I honestly don't know how to relinquish control. But I haven't had any control over my life in years. I keep swimming against the current and getting swept away. But I'm too stubborn to quit. Too proud to give up. I keep grasping at the dreams and ideals of my past and everything is getting foggy. I worked so hard. Climbed so many mountains. I cried too many tears. I'm screaming like the spoiled brat that I am, demanding some tiny bit of what I feel is owed to me. What I feel should already be mine.

I want security. I've never dreamed of a mansion on top of a hill and my life to be a vacation. I just want to feel like the ground isn't going to fall out from under me.

Friday, June 12, 2015

Today is Friday

Time escapes me. Almost two years have gone by since I've written in this silly thing.

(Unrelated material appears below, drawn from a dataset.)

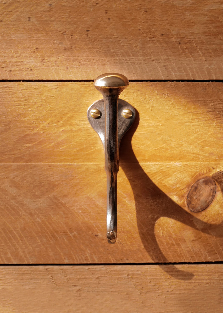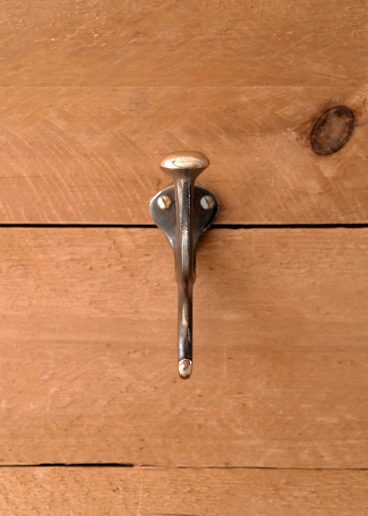 Since the 1970s, Richard Fisher has been casting bronze in his Mid-Coast Maine studio, creating functional objects that double as sculpture. The Bronze Hook is cast in a single piece and designed for both indoor and outdoor use. The traditional hook works well for towels and coats and can be installed in multiples for entryways, bedrooms, or bathrooms.
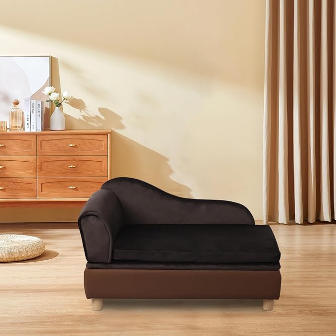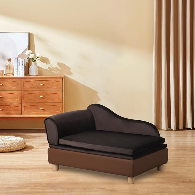 Pet Bed Sofa, Puppy Bed with Storage, Small Dog Couch with Removable & Washable Cushion, Comfy Pet Couch Bed for Cats & Puppy (Brown)

A lot happens in two years, even when "nothing" seems to actually happen.

I'm not even sure what I'm trying to compose here. Though, it may have always been that way. There was just always that inclination to somehow make sense of my life that compelled me to spit my emotions out.

As I begin to creep up on 26 you would think that I would have more of a sense of what life has in store for me. Yet as of late you'll find me on my knees begging God for some type of clue. I'm grasping at dreams I'm not sure I should keep. Why is it that I am always such a mess?

I have so much more to offer than I have been allowed to give.